What you return should be only the lines in the entries below between the one holding "独特の優しい葉性で人気の高い" and the one holding "desperate for change", ends included, with every picture left out.

## Stored data
------------------------------------------------------------------------

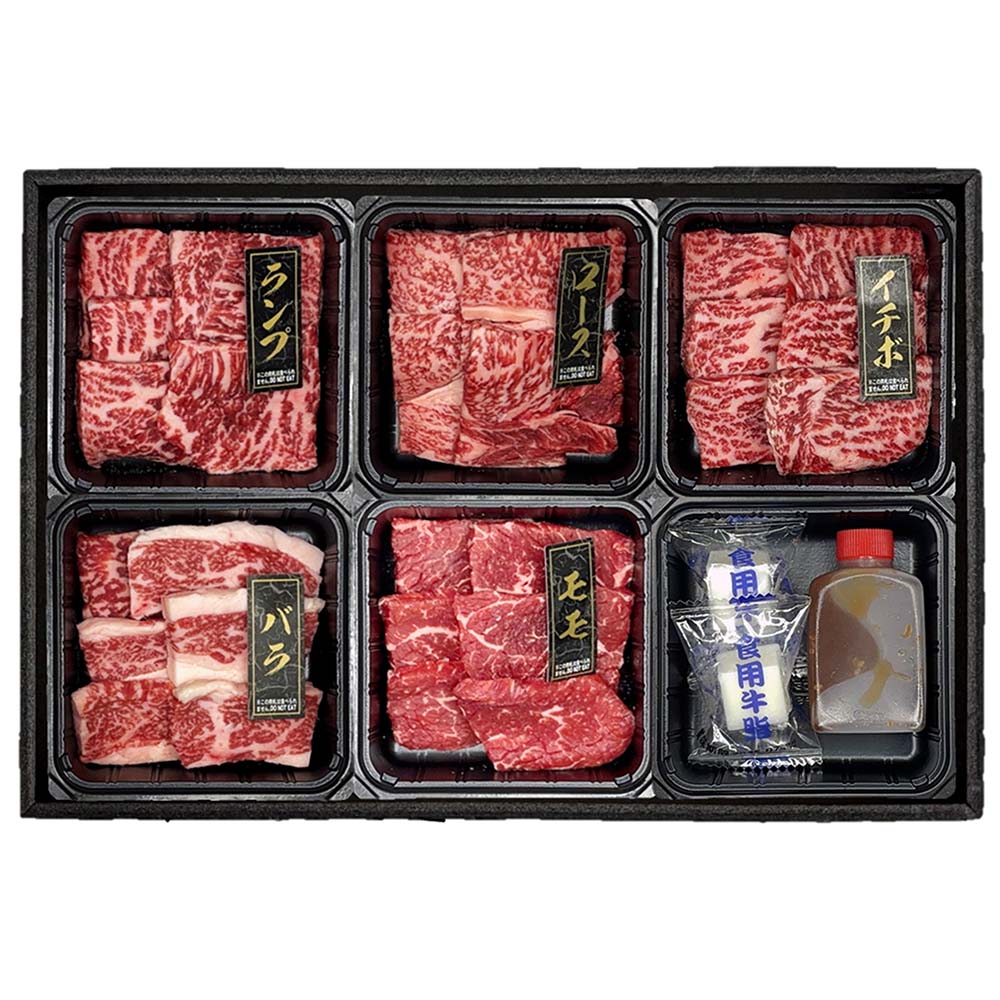 お届けパッケージ。牛脂とタレ付きです!赤身の旨身が強さ、脂の口どけの良さをお楽しみください
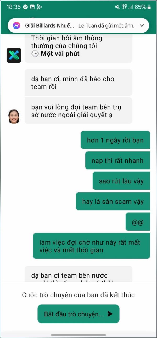 id ví: 1812431 Hiện tại tôi đang giao dịch tại IUX. Nhưng khi tôi yêu cầu rút tiền về tài khoản ngân hàng thì IUX báo xử lý trong 24h nhưng đã qua 24h mà tiền vẫn chưa được chuyền về ngân hàng của tôi. Trong bảng thông báo tin nhắn thì thấy báo đang được xem xét. Tôi liên hệ support nhưng vẫn cứ nhận được yêu cầu chờ đợi. Tôi rất hoang mang và lo sợ mất tiền, không biết phải đợi bao lâu nữa. Thời gian rút tiền 17/12/2024 16h19 và đến hôm nay 19/12/2024 vẫn trong trạng thái xem xét.
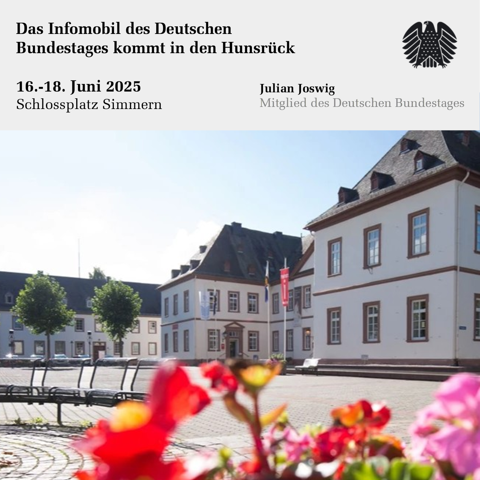 Pressemitteilung anlässlich des Besuchs der Infomobils in Simmern Vom 16. bis 18. Juni 2025 macht das Infomobil des Deutschen Bundestages Station auf dem Schlossplatz in Simmern, der Kreisstadt des Rhein-Hunsrück-Kreises – ein echtes Highlight für alle politisch Interessierten in der Region. Alle Bürgerinnen und Bürger haben an drei Tagen die Gelegenheit, ganz unmittelbar Einblicke in„Das Infomobil des Deutschen Bundestages kommt in den Hunsrück“ weiterlesen
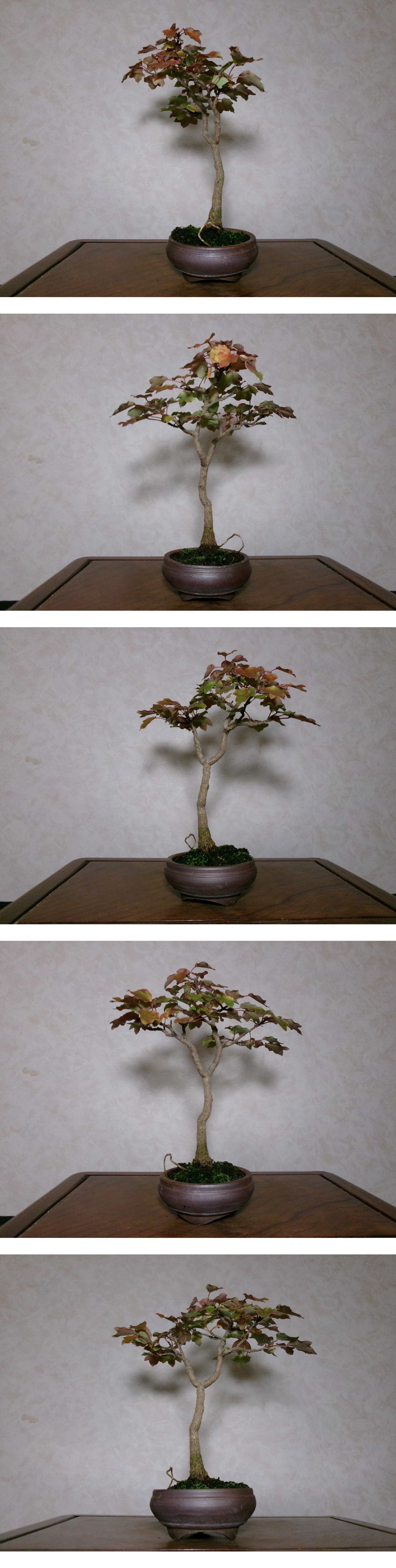 独特の優しい葉性で人気の高い宮様楓です。持ち込みは古く、細身ながら幹肌にはしっかりと古さも出てきています。足元も良く、立ち上がりりからしなやかで洒落た幹模様となっており、持込によって葉性も小さくなりとても風情があります。このままでも十分飾って楽しめるでしょう。是非お勧めです。
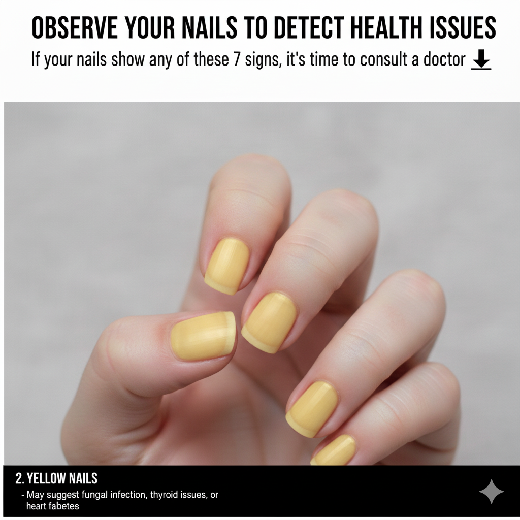 Observe Your Nails to Detect Health IssuesBy Itmemes / Leave a Comment 2. Yellow Nails – May suggest fungal infection, thyroid issues, or diabetes. Next Pages: 1 2 3 4 5 6 7
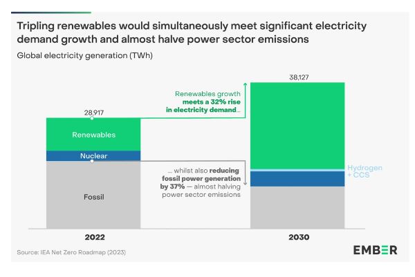 2023년 유엔기후변화협약 당사국총회(COP28)에서 전 세계 많은 국가들은 2030년까지 전 세계 재생에너지 발전 용량을 3배로 늘리기로 약속했다. 이는 2030년까지 전력 부문의 탄소 배출량을 거의 절반으로 줄일 수 있는 잠재력을 가지고 있으며, 석탄 화력 발전이 우선적으로 대체될 것이다. 또한, 전력 수요가 32% 증가함에 따라 교통, 가정 및 산업 난방의 전기화를 대체하기에 충분한 새로운 전력을 공급할 수 있을 것이다.
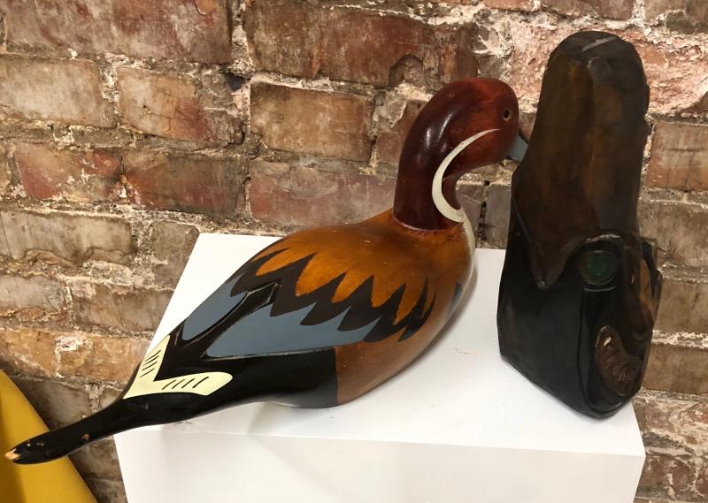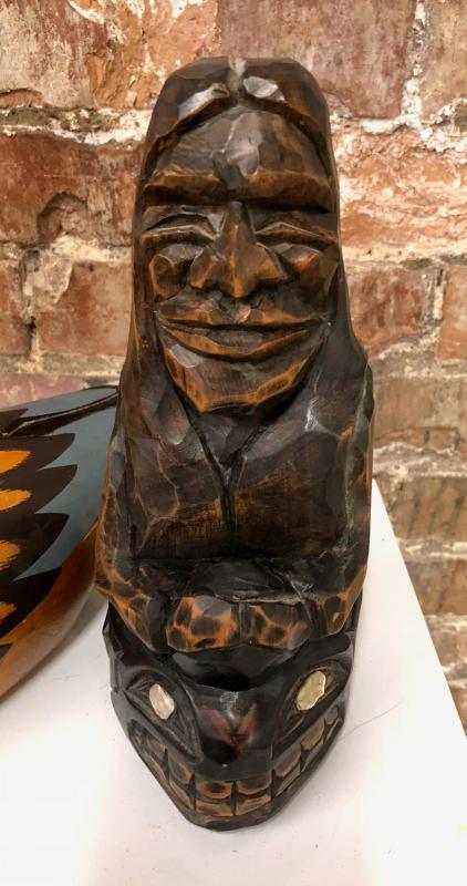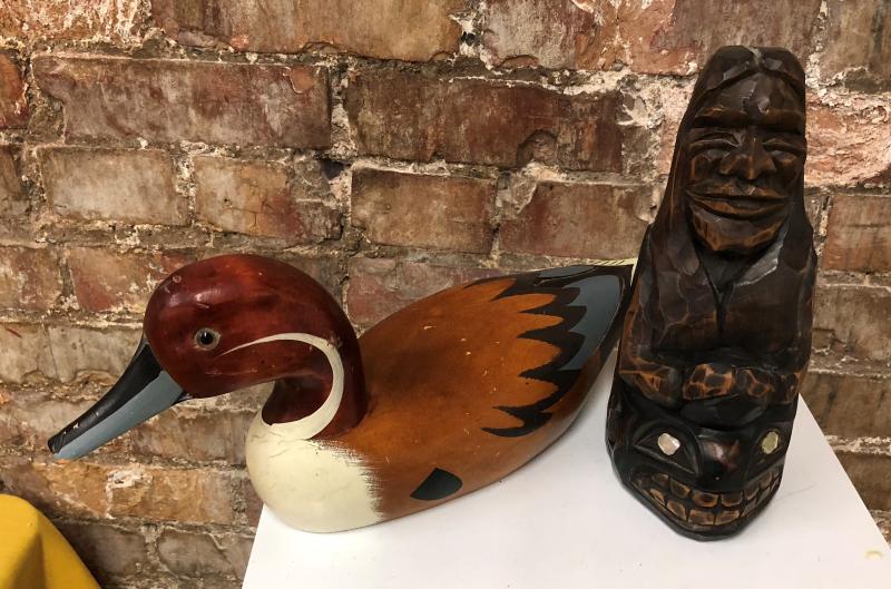 Here is a carved wooden duck decoy and a wood carving from the Pacific Northwest...
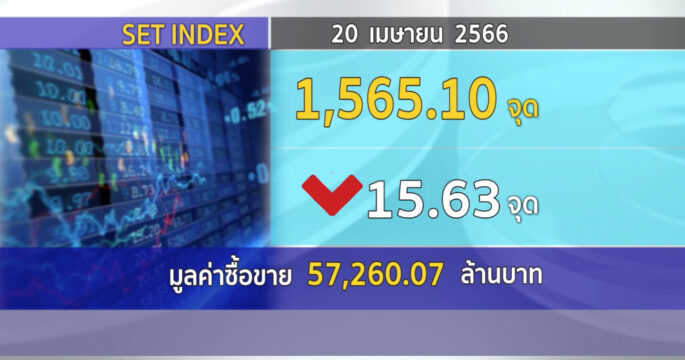 SET ปิดวันนี้ที่ 1,565.10 จุด ลดลง 15.63 จุด (-0.99%) มูลค่าการซื้อขาย 57,260.07 ล้านบาท
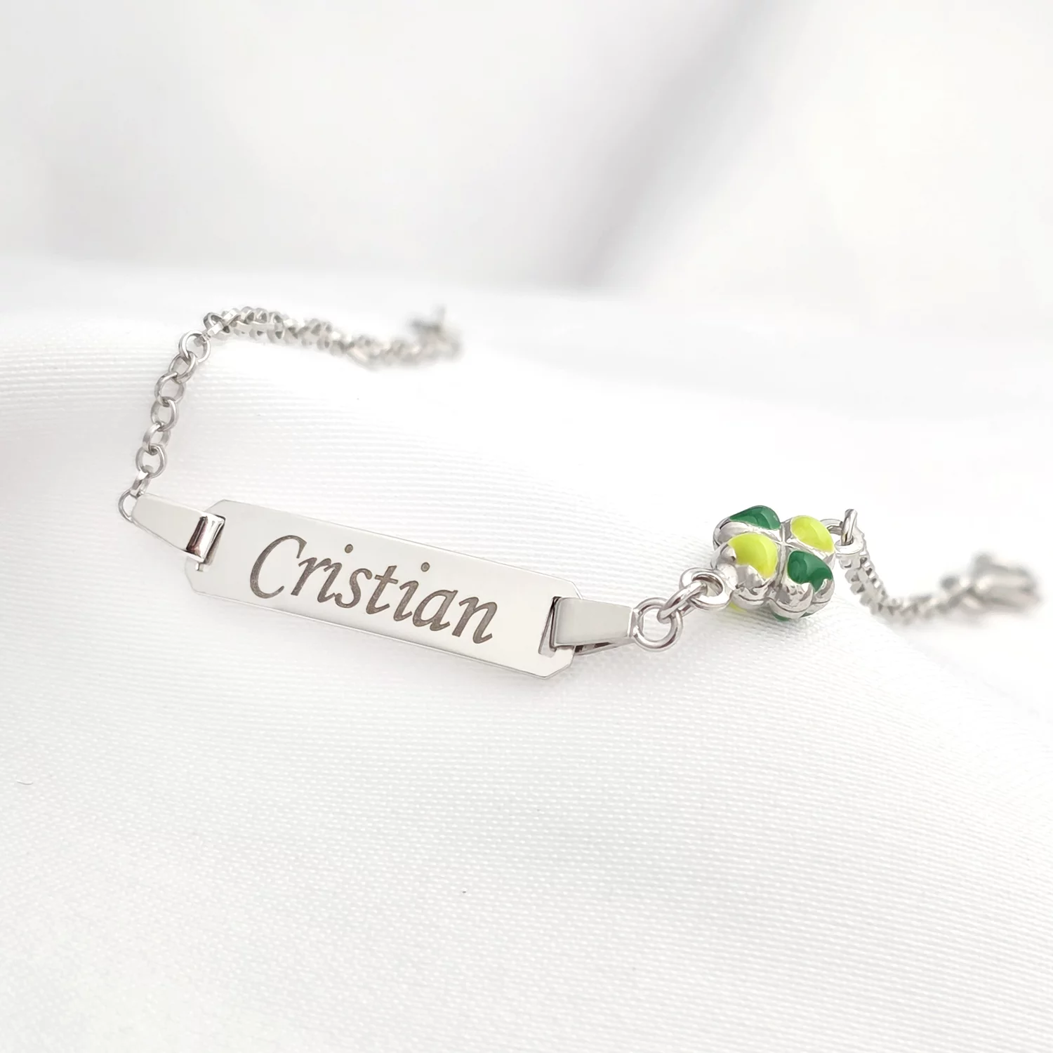 Bratara bebe - Placuta cu nume - Trifoi colorat si lantisor - Argint 925 Rodiat
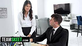 desperate for change she begs boss for deep creampie at work
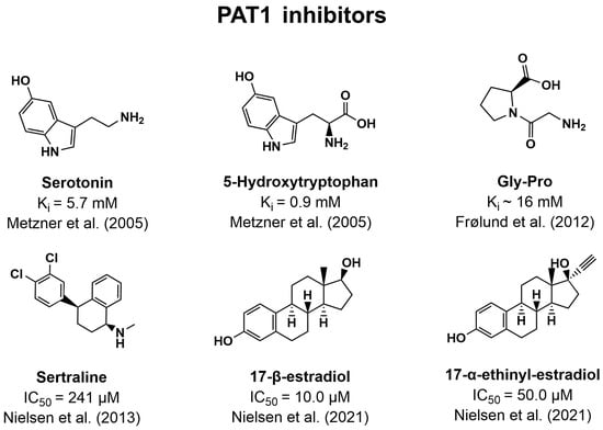 As for all solute carriers, one substrate may competitively inhibit the transport of another substrate, but some true inhibitors for PAT1 have also been identified. The first inhibitors were identified by the group of Matthias Brandsch, who surprisingly showed that amines and amino acids such as serotonin (Ki = 5.7 mM), L-Trp (Ki = 4.7 mM), and 5-hydroxy-tryptophan (Ki = 0.9 mM) were inhibitors of PAT1 (Figure 6) [264]. Later, Frølund et al. showed that dipeptides bearing -H as a side-chain such as Gly-Gly and Gly-Sar, similar to δ-aminolevulinic acid, were substrates of PAT1, while dipeptides such as Gly-Tyr (Ki~20 mM), Gly-Pro (Ki~16 mM, Figure 6), and Gly-Phe were inhibitors [265]. While the amino acid inhibitors had a similar affinity to the normal substrates, the dipeptides had a much lower affinity. Later, high-affinity inhibitors such as the anti-depressant sertraline (IC50 of 177–241 µM, Figure 6) [266] and 17-α-estradiol and 17-β-estradiol (E2, Figure 6) were identified [267]. Shan et al. suggested that estradiol binds to PAT1 and thereby changes the conformation of the PAT1 protein from an open to a closed state, thereby decreasing transport activity [267]. Recently, Nielsen et al. revisited this to assess the potential for drug-drug interactions, showing that 17-α-ethinyl-estradiol (E-E2, Figure 6) inhibited PAT1-mediated Pro and taurine transport in vitro in Caco-2 cells [268]. Under slightly acidic extracellular conditions, E2 and E-E2 inhibited Pro uptake with IC50-values of 10.0 ± 3.2 µM and 50.0 ± 14.3 µM, respectively [268]. The uptake of taurine was inhibited by E and E-E2 with IC50-values of 8.7 ± 5.1 µM and 22.9 ± 15.5 µM, respectively [268]. In contrast, the uptake of taurine via TAUT at neutral extracellular pH was not affected by E2 or E-E2 in the concentration range investigated [268]. The Pro-induced signal was attenuated when E2 and E-E2 were present in the Pro-containing solution being perfused over the oocyte. Buffers with E2 and E-E2 alone did not induce an inward current, showing that they were non-translocated inhibitors of PAT1 [268]. The physiological role of amino acids, dipeptides, and hormones acting as inhibitors of PAT1-mediated transport remains unknown.
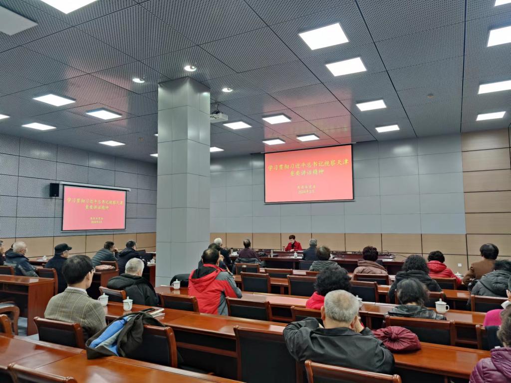 会议指出,学习宣传贯彻习近平总书记视察天津重要讲话精神是当前和今后一个时期首要政治任务。要深入领会、全面贯彻新时代新征程习近平总书记对天津工作的总体要求,贯彻市委和学校党委要求,立足老同志实际,坚持以理论武装为引领、以组织规范为支撑、以作用发挥为目标,持续引导广大老同志坚持不懈用党的创新理论凝心铸魂,组织老同志将所学所思所悟转化为发挥作用的强劲动能,“牢记嘱托,勇担使命”,为助力党和国家事业发展继续发光发热。
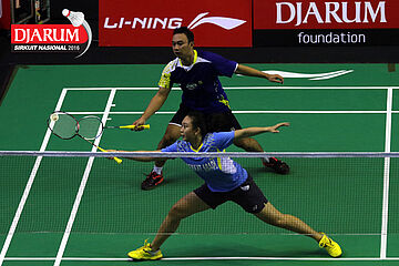 Afiat Yuris/Nadya Melati (Pertamina Fastron) bersiap menghadang serangan
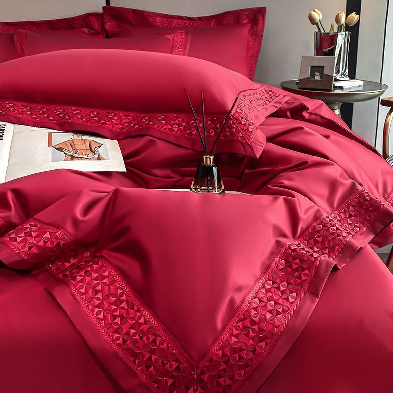 고급 감각 200 말면 4 피스 세트 100 면 침대 시트 퀼트 커버 가벼운 고급 긴 스테이플 코튼 헤어 세대
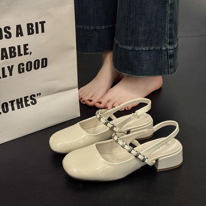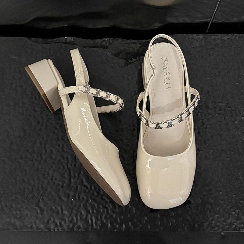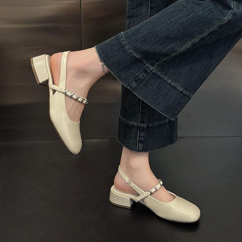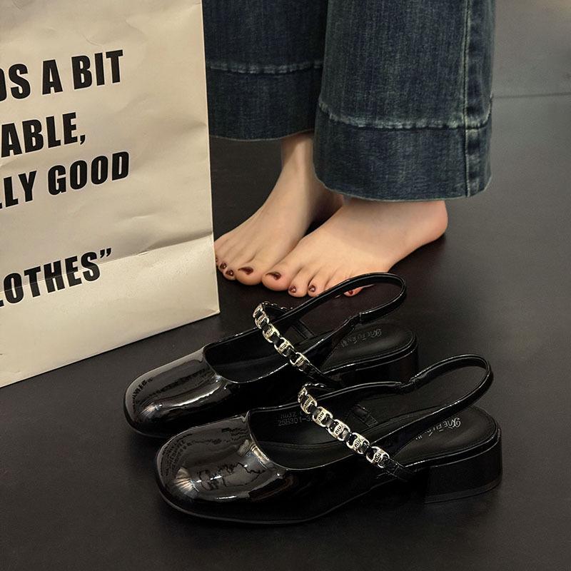 Мэри Джейн сумка голова сандалии женские лето 2025 новые квадратный носок толстый каблук средний каблук универсальные с открытой пяткой бриллиантовый ремешок сандалии женские
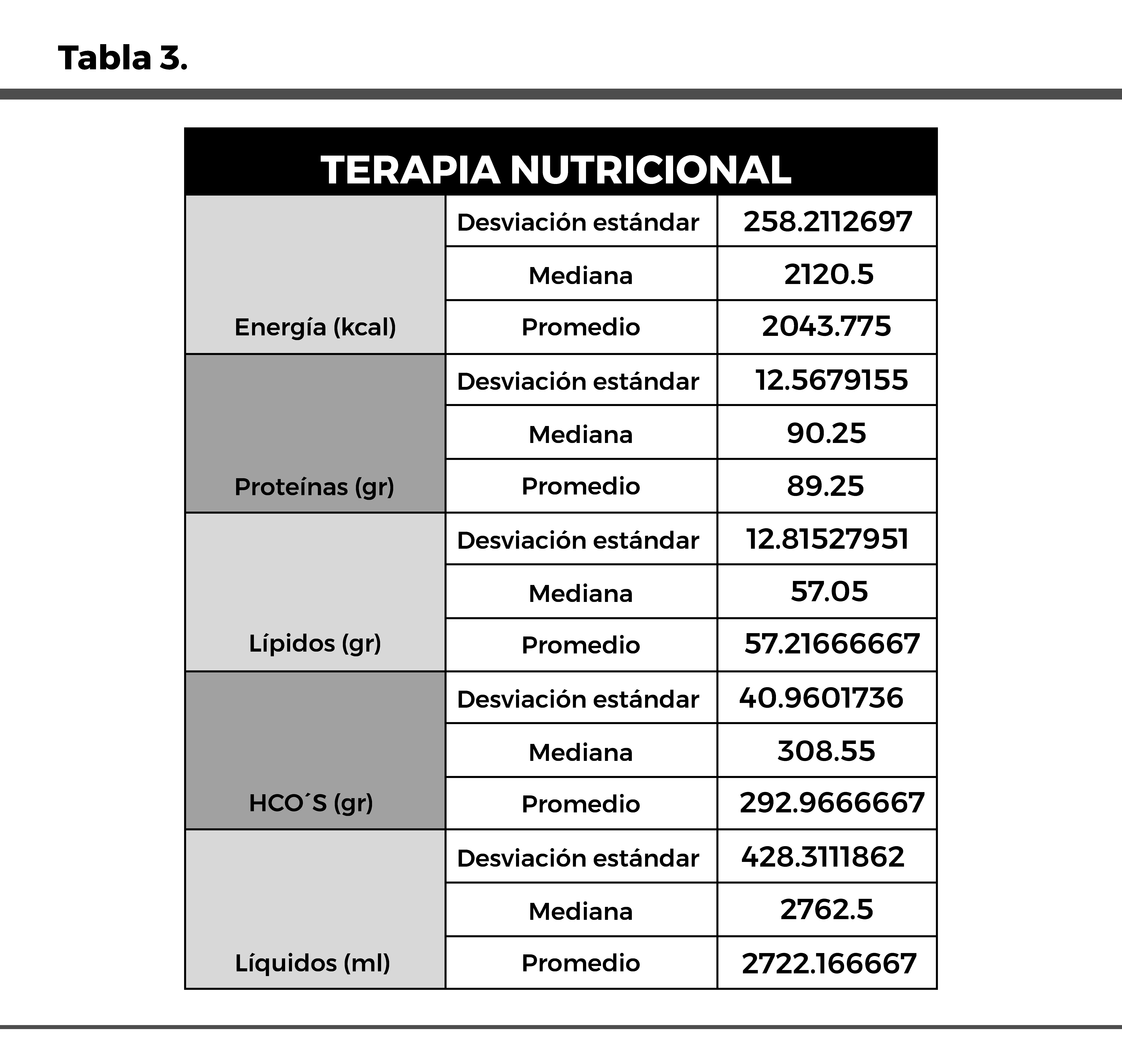 Nota: La tabla presenta los valores promedio, mediana y desviación estándar de la ingesta dietética para la terapia nutricional según las necesidades de los pacientes hospitalizados. Kcal (calorías), Gr (gramos), Ml (mililitros). Elaboración propia.
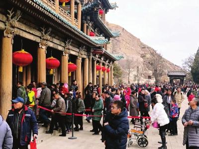 据统计,2月19日正月初四当天,云冈参观人数为21705人,同比增长80.52%;收入同比增长96.60%。春节假期,云冈大景区共接待游客70714人,同比增长52.61%;门票收入同比增长63.90%,均创历史最高水平。

------------------------------------------------------------------------

## Exercise solution
 独特の優しい葉性で人気の高い宮様楓です。持ち込みは古く、細身ながら幹肌にはしっかりと古さも出てきています。足元も良く、立ち上がりりからしなやかで洒落た幹模様となっており、持込によって葉性も小さくなりとても風情があります。このままでも十分飾って楽しめるでしょう。是非お勧めです。
 Observe Your Nails to Detect Health IssuesBy Itmemes / Leave a Comment 2. Yellow Nails – May suggest fungal infection, thyroid issues, or diabetes. Next Pages: 1 2 3 4 5 6 7
 2023년 유엔기후변화협약 당사국총회(COP28)에서 전 세계 많은 국가들은 2030년까지 전 세계 재생에너지 발전 용량을 3배로 늘리기로 약속했다. 이는 2030년까지 전력 부문의 탄소 배출량을 거의 절반으로 줄일 수 있는 잠재력을 가지고 있으며, 석탄 화력 발전이 우선적으로 대체될 것이다. 또한, 전력 수요가 32% 증가함에 따라 교통, 가정 및 산업 난방의 전기화를 대체하기에 충분한 새로운 전력을 공급할 수 있을 것이다.
 Here is a carved wooden duck decoy and a wood carving from the Pacific Northwest...
 SET ปิดวันนี้ที่ 1,565.10 จุด ลดลง 15.63 จุด (-0.99%) มูลค่าการซื้อขาย 57,260.07 ล้านบาท
 Bratara bebe - Placuta cu nume - Trifoi colorat si lantisor - Argint 925 Rodiat
 desperate for change she begs boss for deep creampie at work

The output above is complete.